Preparation and attention to detail are two of the key differentiators between success and failure when it comes to lighting a fire outdoors.
Many people rush to achieve a flame, only to have insufficient or poorly prepared kindling and larger fuel.
The key is to spend sufficient time gathering the materials you need, making sure they are in the right condition – not too wet, soft, punky, knotty, etc., as relevant to the method being used – and gathering enough of them.
Once you have enough materials and they are all prepared you are in the best position to achieve a fire.
In some situations you will actually achieve a fire with sub-optimal preparation.
BUT when a fire really counts, the conditions are often the most difficult. It pays dividends to practice your techniques before you ever find yourself in a situation where it is critical to achieve a fire.
Plus, in difficult situations, you tend to do what you’ve done in training.
Make sure you are training correctly.
Don’t take short-cuts.
Further, if you have trained in techniques and you know they work in varied circumstances, then you have full confidence in the technique and your ability to apply it when you come to depend upon it.
At the end of our Elementary Wilderness Bushcraft courses, we have a series of self-assessed challenges against which course participants can apply their skills.
Below is a video of one of these challenges – to light a fire using only wood that has been split out from rounds of dead, standing timber. The hearth, feathersticks, splints and larger fuel are all produced using a Mora Companion knife.
To test whether the fire is sustainable, students have to use their fire to boil a litre of water.

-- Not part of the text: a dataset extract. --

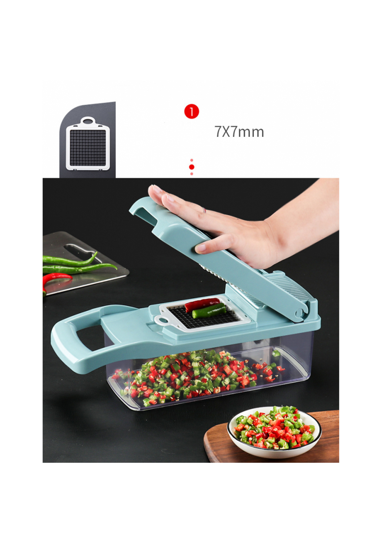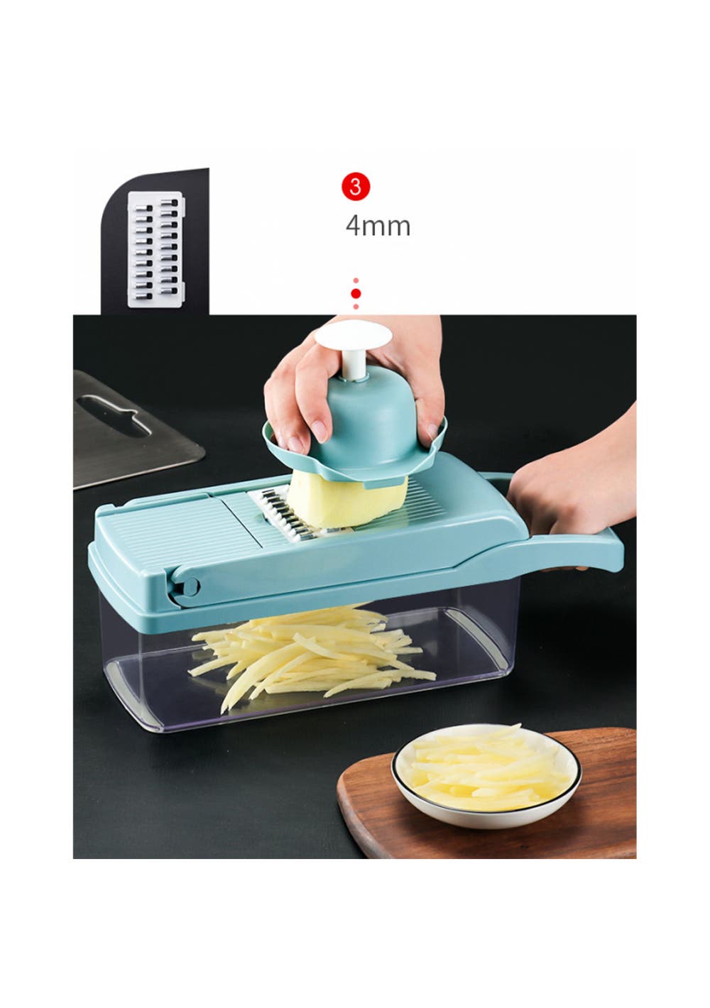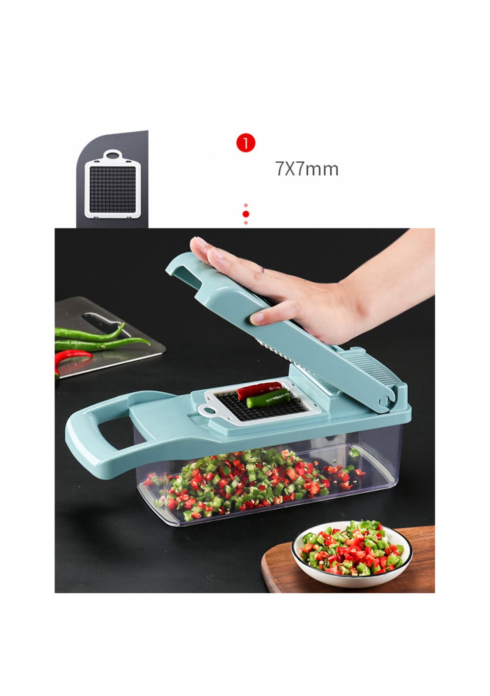 - Multifunction Kitchen Gadget: This practical kitchen gadget can shorten your prep time to just a few minutes. All vegetables can be prepared with this tool.- Highly Flexible Kitchen Tools: These flexible kitchen tools can chop onions, tomatoes and cabbage to make salsa, or cut potatoes into slices.- Improve Your Health: With this set of tools, you can escape the fast-food trap, cooking will be no longer messy. Enjoy healthy eating habits, this vegetable chopper tools will be your bestSpecification:Product dimensions: 32.2x11.3x11.3cmPackage size: 36x12x12cmWeight: 830gMaterial: PlasticColour: Grey

Below is a short section of footage of one of our course students lighting their fire. The aim is to do this with one match. Steve, the student in this film has prepared well and pays attention to detail in several key areas.
Watch to find out more…
He’s cleared the ground, prepared his fuel, put down a hearth, arranged a lay of feather-sticks, pre-positioned his pot-hanger, waits for the matchstick to take from the head, shields the match, lights his feathersticks in several places, keeps the firelighting device off the ground so it is not lost, then proceeds to build up his fire by adding progressively larger, well-prepared fuel.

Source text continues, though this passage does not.